Each morning, the Kopelans go through a 90-minute ritual of wound care and prevention, followed by a two-hour after-school routine with their only child. Rafaella uses methadone for pain and a gastrointestinal tube for most of her caloric intake. Every four months or so she has her esophagus dilated. Then there are trips to Cincinnati Children’s Hospital Medical Center, where she sees a host of specialists.

“The daily routines are arduous, painful, anxiety-producing,” Kopelan said. “Just going to the bathroom is painful. My daughter wakes up scared every morning that her PJs are stuck to her.”
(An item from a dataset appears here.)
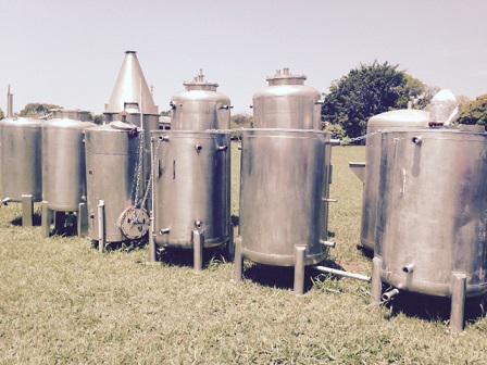 Tanques reservatórios em aço inox com capacidades diversas.

Still, he said that Rafaella, like most children with EB, does all she can to live a normal life. When she isn’t speaking to large groups globally about the disease, she loves playing with her dog and singing, drawing and painting. Although accompanied by a nurse to help with bathroom visits, Rafaella attends a regular school.

“The kid’s got a great spirit,” Kopelan said. “And she’s got really great friends.”